• [What you have to do]: Leaving out every picture, copy the lines of the material below exactly, from the line containing "Following figure shows" through the line containing "После рождественского Богослужения".

• [Supplied records]:
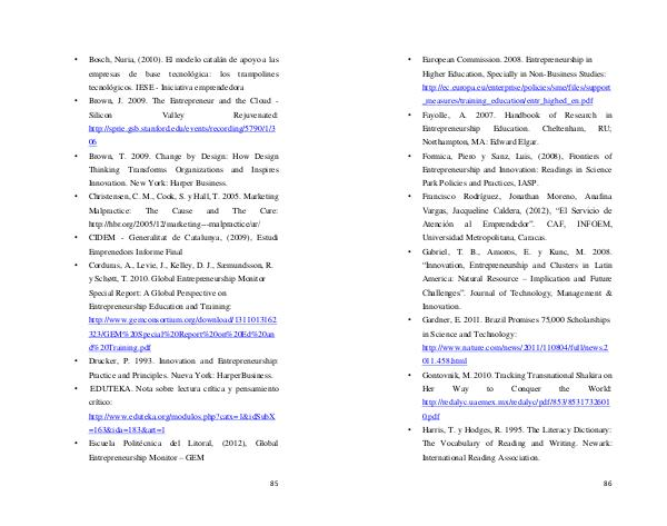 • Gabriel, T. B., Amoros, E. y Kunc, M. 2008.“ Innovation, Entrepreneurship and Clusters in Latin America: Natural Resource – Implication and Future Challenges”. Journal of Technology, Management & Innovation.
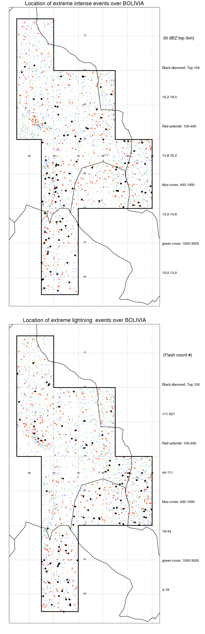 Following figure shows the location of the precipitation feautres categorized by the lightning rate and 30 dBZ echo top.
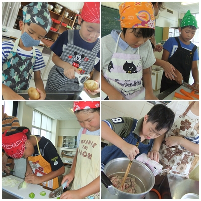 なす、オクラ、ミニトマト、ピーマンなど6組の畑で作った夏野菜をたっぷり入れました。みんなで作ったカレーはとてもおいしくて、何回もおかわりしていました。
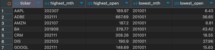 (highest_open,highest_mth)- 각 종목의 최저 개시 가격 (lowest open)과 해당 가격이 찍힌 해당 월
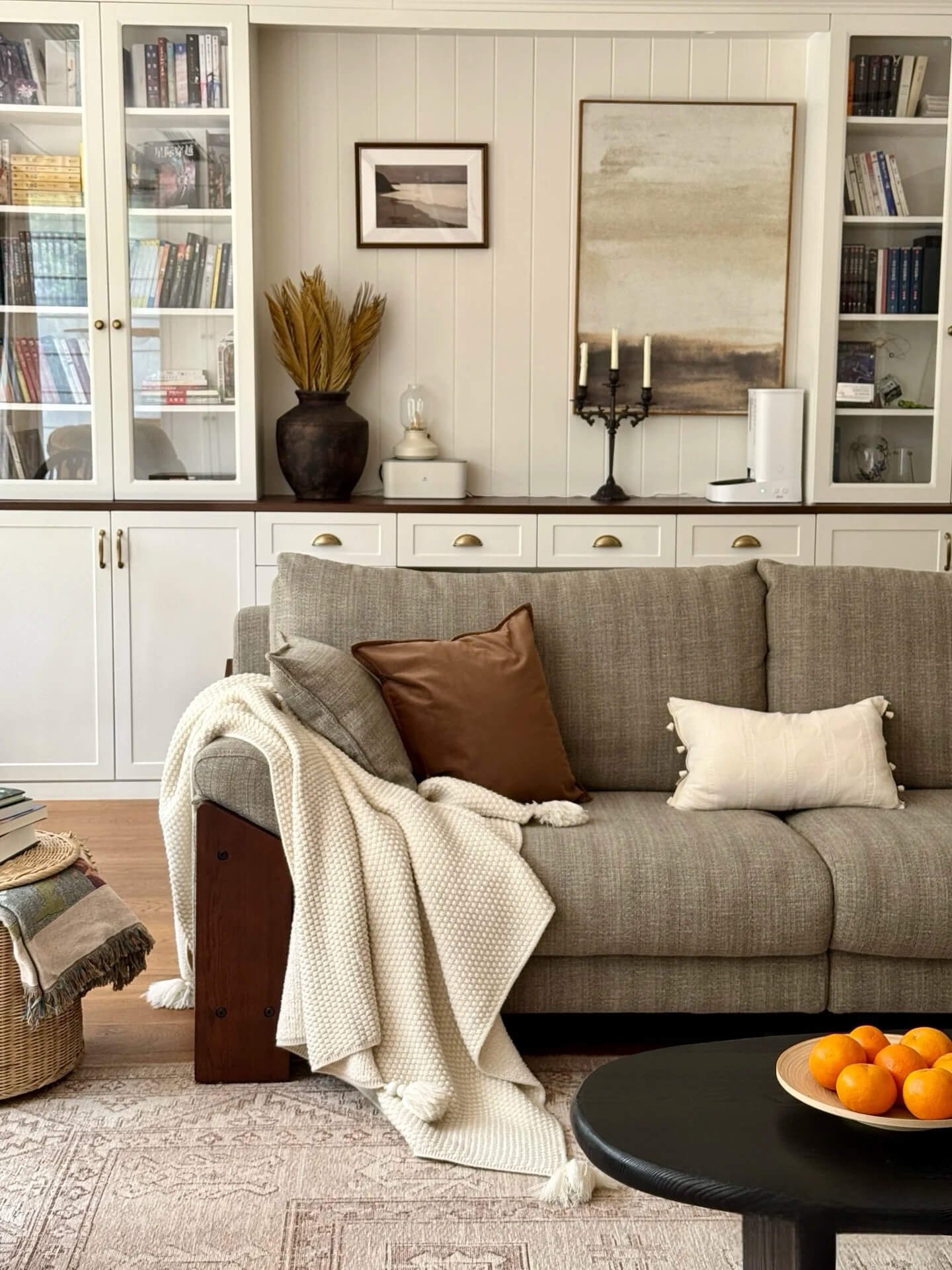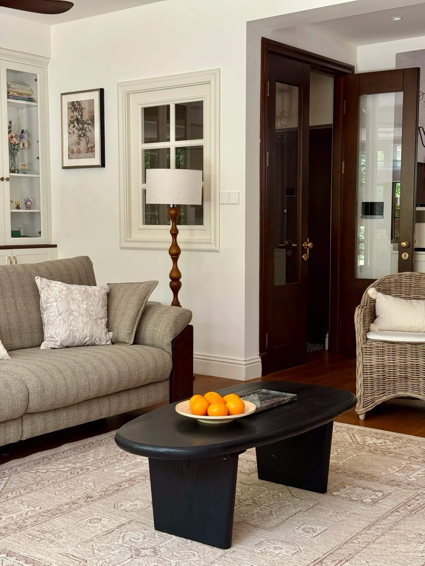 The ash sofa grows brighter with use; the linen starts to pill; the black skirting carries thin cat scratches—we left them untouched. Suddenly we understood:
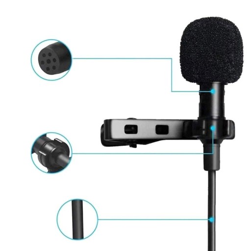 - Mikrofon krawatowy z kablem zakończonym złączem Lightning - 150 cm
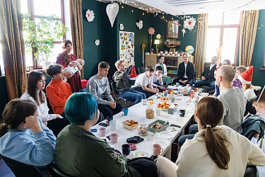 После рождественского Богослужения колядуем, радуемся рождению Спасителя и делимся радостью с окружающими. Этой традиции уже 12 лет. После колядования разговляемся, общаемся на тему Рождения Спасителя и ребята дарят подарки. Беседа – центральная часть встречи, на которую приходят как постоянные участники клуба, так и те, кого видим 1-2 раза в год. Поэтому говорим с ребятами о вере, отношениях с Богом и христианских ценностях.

==

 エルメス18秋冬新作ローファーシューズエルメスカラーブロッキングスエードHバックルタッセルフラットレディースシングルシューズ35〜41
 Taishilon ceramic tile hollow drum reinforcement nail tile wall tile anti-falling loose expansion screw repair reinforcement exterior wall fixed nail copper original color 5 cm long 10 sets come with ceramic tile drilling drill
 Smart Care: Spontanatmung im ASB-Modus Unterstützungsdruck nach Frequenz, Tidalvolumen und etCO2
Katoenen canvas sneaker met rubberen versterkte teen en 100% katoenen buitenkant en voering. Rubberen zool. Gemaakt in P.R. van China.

--

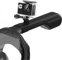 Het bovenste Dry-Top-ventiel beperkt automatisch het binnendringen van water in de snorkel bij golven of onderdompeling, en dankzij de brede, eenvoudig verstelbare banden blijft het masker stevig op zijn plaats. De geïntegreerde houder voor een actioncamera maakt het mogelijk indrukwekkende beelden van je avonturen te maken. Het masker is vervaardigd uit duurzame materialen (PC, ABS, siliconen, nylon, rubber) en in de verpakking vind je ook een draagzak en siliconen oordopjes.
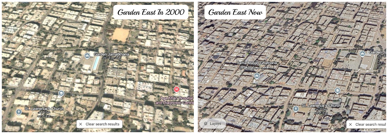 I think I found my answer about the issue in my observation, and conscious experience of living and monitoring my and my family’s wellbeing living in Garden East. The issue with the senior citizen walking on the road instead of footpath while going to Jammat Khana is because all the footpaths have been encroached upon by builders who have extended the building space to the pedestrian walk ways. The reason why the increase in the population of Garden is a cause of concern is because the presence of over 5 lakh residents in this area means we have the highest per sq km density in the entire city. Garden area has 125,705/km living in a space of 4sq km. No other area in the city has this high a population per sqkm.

• [Output]:
 Following figure shows the location of the precipitation feautres categorized by the lightning rate and 30 dBZ echo top.
 なす、オクラ、ミニトマト、ピーマンなど6組の畑で作った夏野菜をたっぷり入れました。みんなで作ったカレーはとてもおいしくて、何回もおかわりしていました。
 (highest_open,highest_mth)- 각 종목의 최저 개시 가격 (lowest open)과 해당 가격이 찍힌 해당 월
 The ash sofa grows brighter with use; the linen starts to pill; the black skirting carries thin cat scratches—we left them untouched. Suddenly we understood:
 - Mikrofon krawatowy z kablem zakończonym złączem Lightning - 150 cm
 После рождественского Богослужения колядуем, радуемся рождению Спасителя и делимся радостью с окружающими. Этой традиции уже 12 лет. После колядования разговляемся, общаемся на тему Рождения Спасителя и ребята дарят подарки. Беседа – центральная часть встречи, на которую приходят как постоянные участники клуба, так и те, кого видим 1-2 раза в год. Поэтому говорим с ребятами о вере, отношениях с Богом и христианских ценностях.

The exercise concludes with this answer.